Noch mehr als anderen kirchlichen Mitarbeitern aus dem Ausland war es den von Gugglberger interviewten Ordensschwestern möglich, umfassende Einblicke in die Lebenswelt der „Homelands“ zu erhalten, die für den Großteil der „Weißen“ unsichtbar blieb. Gugglberger sind die Bestandteile des „Apartheidprogramms“ bekannt. Daher irritiert es umso mehr, dass sie einige Erzählungen ihrer Interviewpartnerinnen historisch nicht genau kontextualisiert. Zudem wäre zu fragen, warum die Ordensschwestern während der lebensgeschichtlichen Interviews nur wenig über konkrete Kontakte sprachen und die „Homeland“-Politik durchaus positiv bewerteten. Auf Erkenntnissen aus der Oral History aufbauend könnte dann gefragt werden, wie diese „erinnerten Erzählungen“3 konstruiert und welchem „hochaffektiv besetzten Verarbeitungs-, Konstruktions- und Sinnbildungsprozeß“4 sie unterworfen sind. Möglicherweise wäre für die Analyse dieser Erzählungen die Einbeziehung von Archivquellen oder „Rundbriefen“, die regelmäßig von Ordensschwestern an Verwandte und Bekannte geschickt wurden, hilfreich gewesen. Als Lektüre empfiehlt sich Gugglbergers Studie für Leserinnen und Leser, die einen tiefen Einblick in die Geschichte eines Missionsordens im 20. Jahrhundert erhalten möchten. Für diejenigen, die sich für transnationale Begegnungsräume im Lokalen und Reaktionen europäischer christlicher Missionarinnen auf das südafrikanische Apartheidsystem interessieren, gilt diese Empfehlung leider nur bedingt.

Anmerkungen:
1 Vgl. Ulrich Jürgens / Jürgen Bähr, Johannesburg. Stadtgeographische Transformationsprozesse nach dem Ende der Apartheid (=Kieler Arbeitspapiere zur Landeskunde und Raumordnung 38), Kiel 1998, S. 4; Ulrich Jürgens, Gemischtrassige Wohngebiete in südafrikanischen Städten (=Kieler Geographische Schriften, Bd. 82), zugl. Diss., Kiel 1991, S. 61.

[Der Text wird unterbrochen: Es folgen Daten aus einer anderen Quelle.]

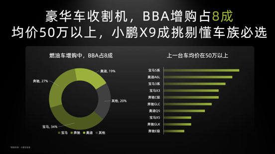 增購(gòu),即把X9作為家庭第二輛車的用戶,是X9用戶的主流。而在這占據(jù)半數(shù)的X9增購(gòu)群體中,B B A車主占了8成,其中不乏勞斯萊斯、法拉利這樣的超豪華品牌。他們上一臺(tái)車的均價(jià)都在50萬(wàn)以上。所謂曾經(jīng)滄海難為水,長(zhǎng)期使用豪華車的消費(fèi)者對(duì)車輛品質(zhì)的感知能力和要求是普遍較高的,這類消費(fèi)者青睞小鵬X9,也從側(cè)面說(shuō)明X9的實(shí)際體驗(yàn)是相當(dāng)OK的。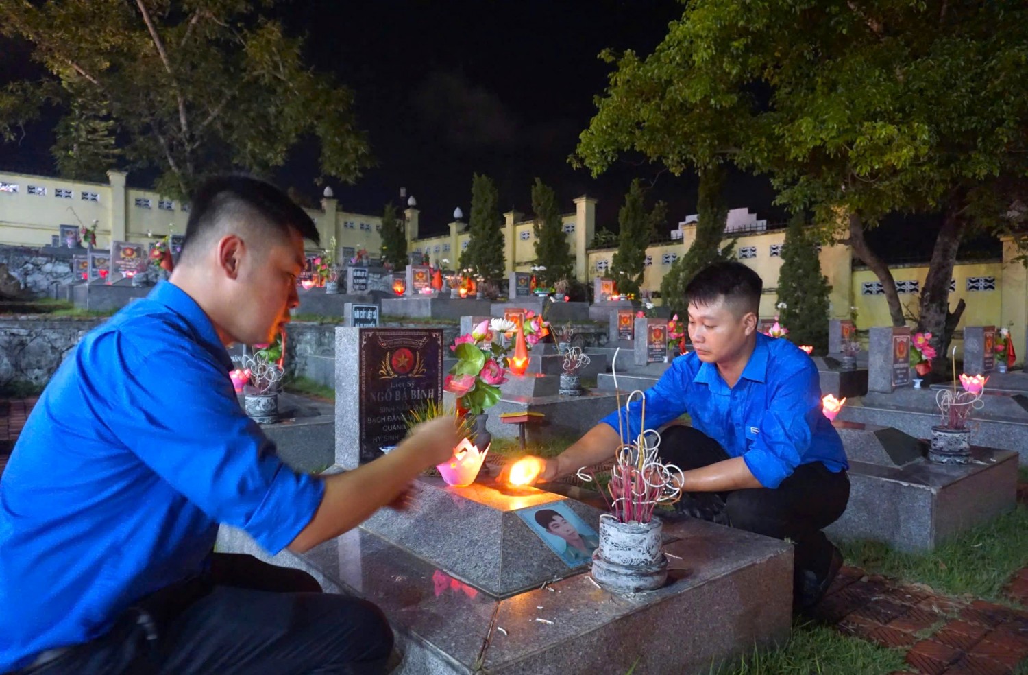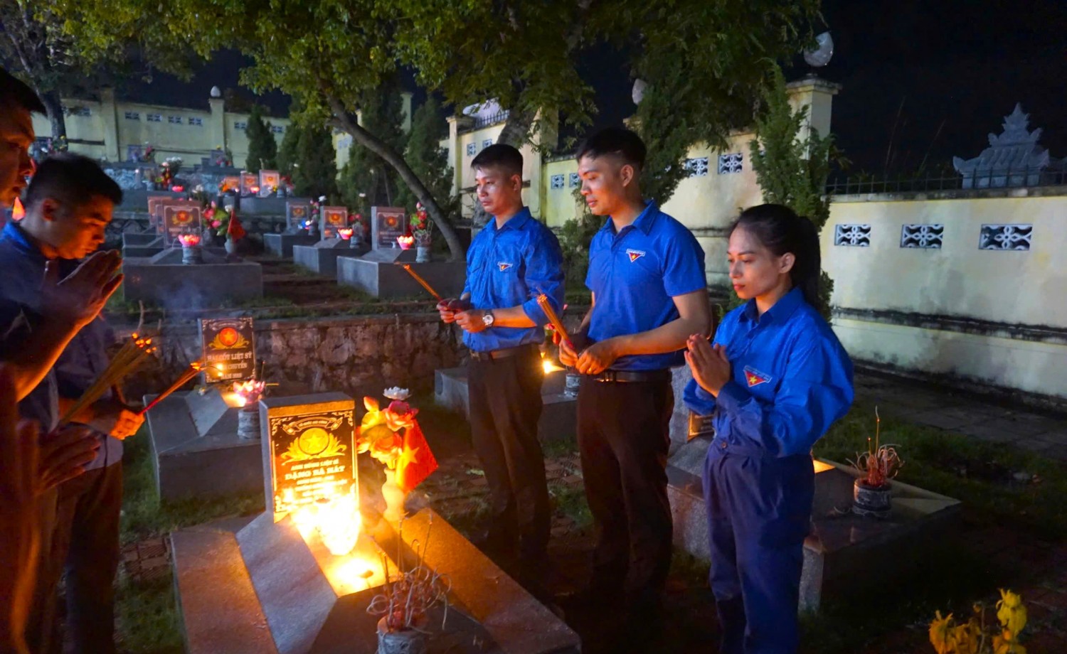 Ảnh: Đoàn viên thanh niên Công ty ra quân dọn vệ sinh môi trường, chăm sóc các phần mộ liệt sỹ và mộ vô danh tại Nghĩa trang liệt sĩ phường Hà Tu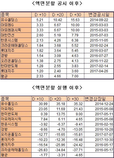 액면분할시 거래정지였던 대한전선을 제외한 10개 종목 중 실행 30일 이후 하락한 종목이 6개였다.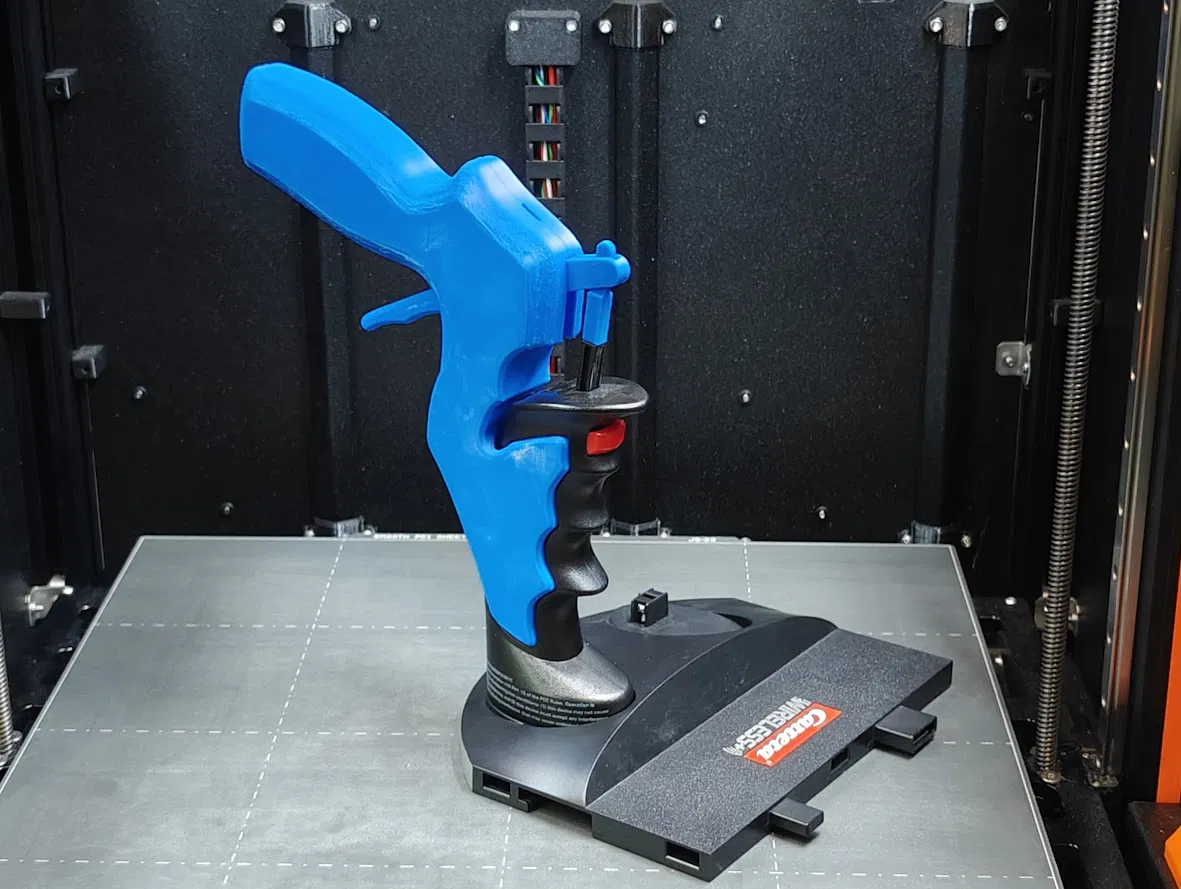 Lưu ý: Hai nửa tay cầm nên được in với mật độ thấp, hoặc sử dụng tính năng support/lightning infill để giảm trọng lượng, tránh việc tay cầm bị đổ khi đặt xuống. Bạn có thể in bề mặt ngoài mà không cần support, nhưng các đường cong có thể sẽ không được mượt mà lắm. Nếu in trên bề mặt trong, bạn sẽ cần thêm support cho khu vực cò bấm và các tấm hông. Nhược điểm của cách này là các bề mặt có support sẽ không được sạch đẹp trừ khi bạn dùng máy in cao cấp hỗ trợ support tan trong nước.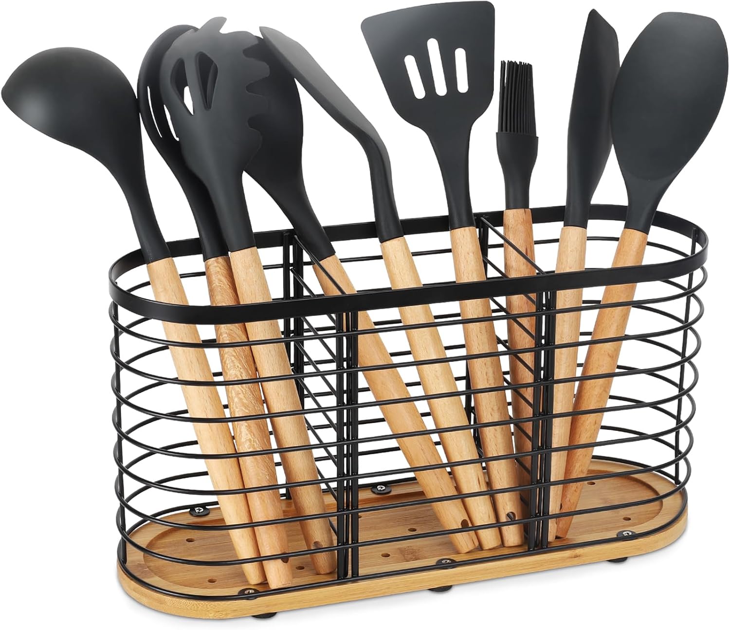 - [Ample Utensil Storage]: This kitchen utensil holder measures 13.5" x 4.2" x 6.9", offering ample space for your culinary essentials. With three compartments, it accommodates a variety of items, including cookware, knives, spatulas, tongs, egg beaters, ladles, skimmers, peelers, corkscrews, silverware, forks, chopsticks, and more. Maintain a neat and organized kitchen countertop effortlessly.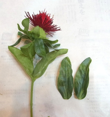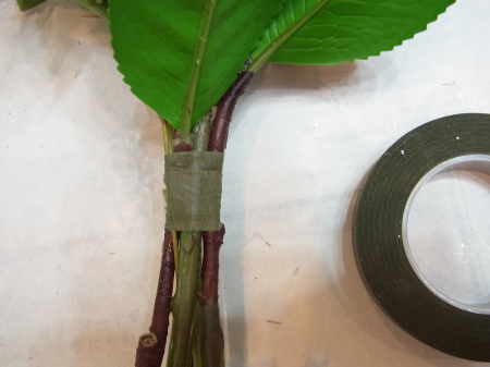 | これらを好きなレイアウトで花束にしてテープでまとめ、持ち手は8センチ程度に切り揃えます。 | |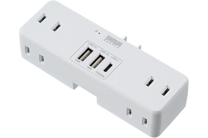 「車輪差し」構造で、縦と横に加えて各ポート間にも自在に差し込める電源タップ、サンワサプライが発売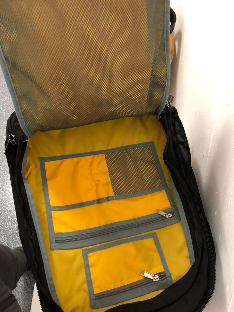 Beginnen wir mit dem großen Hauptfach des Runway 33. Dieses bietet einen Stauraum für Klamotten und Schuhe, der relativ groß ausfällt und genügend Platz für Klamotten für eine ganze Woche bietet. An den Innenseiten des Hauptfachs findet sich außerdem jeweils eine kleine Netztasche mit Reisverschluss, wo man empfindliche Gegenstände unterbringen kann. Zwei verstellbare Befestigungslaschen sorgen außerdem dafür, dass die verstauten Klamotten nicht verrutschen.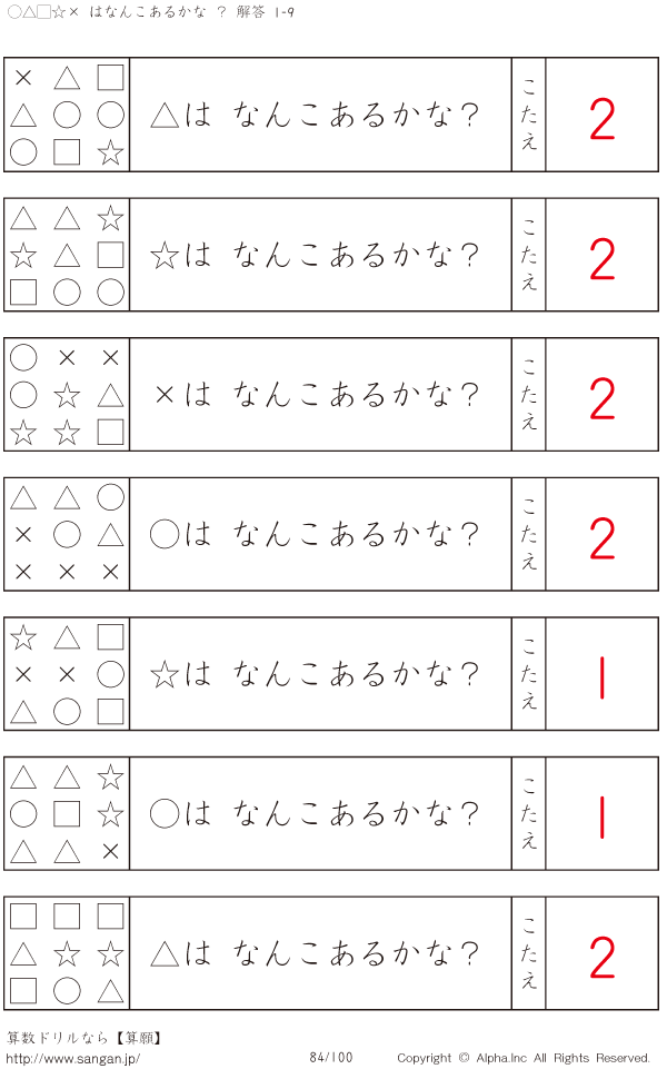 ○△□×☆はなんこかな?1-9-[プリント一覧] [解答]084/100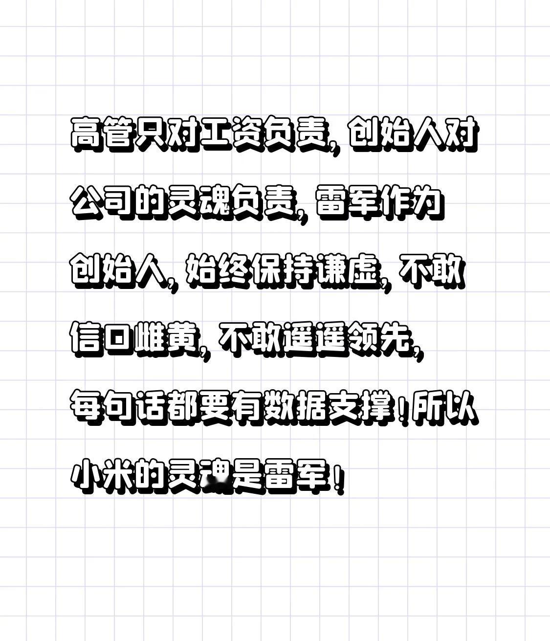高管只对工资负责,创始人对公司的灵魂负责,雷军作为创始人,始终保持谦虚,不敢信口雌黄,不敢遥遥领先,每句话都要有数据支撑!所以小米的灵魂是雷军!
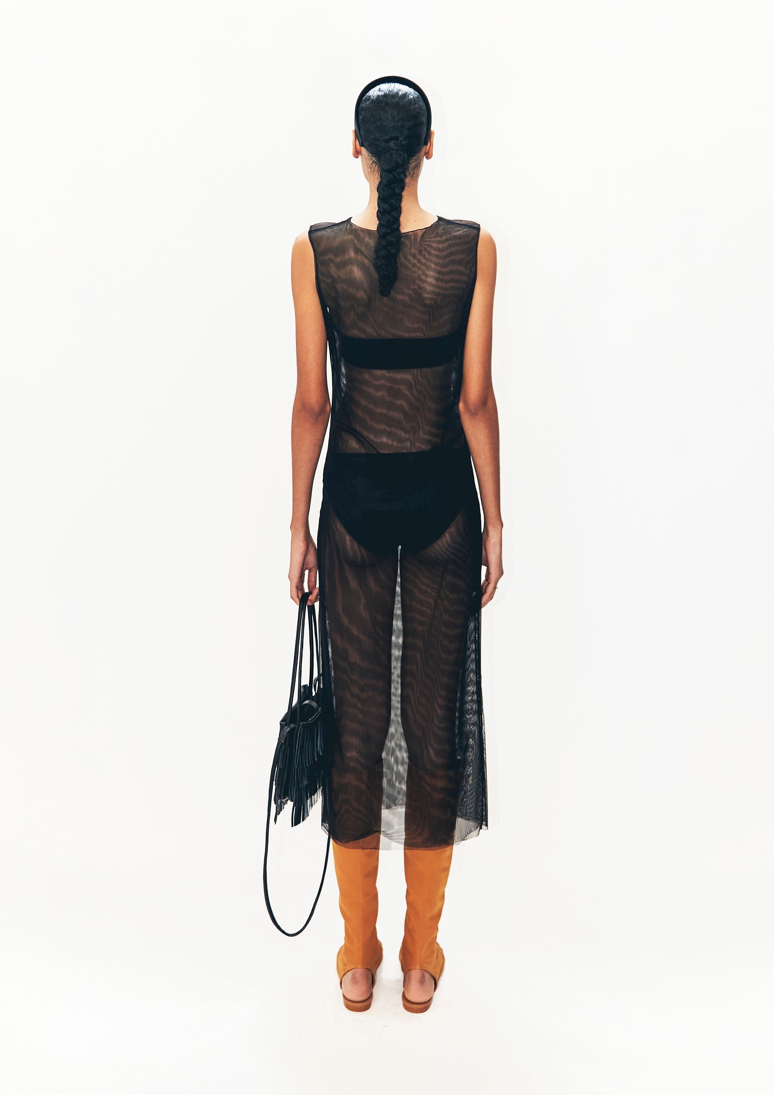 Vestido de festa longo de tule com trabalho em forma de árvore em malha, decote redondo.

2 Vgl. Christoph Marx, Südafrika. Geschichte und Gegenwart, Stuttgart 2012, S. 250–251.
3 Malte Thießen, Gedächtnisgeschichte. Neue Forschungen zur Entstehung und Tradierung von Erinnerungen, in: Archiv für Sozialgeschichte 48 (2008), S. 607–634, hier S. 614.
4 Dorothee Wierling, Oral History, in: Michael Maurer (Hrsg.), Aufriß der historischen Wissenschaften, Bd. 7. Neue Themen und Methoden der Geschichtswissenschaft, Stuttgart 2003, S. 81–151, hier S. 97.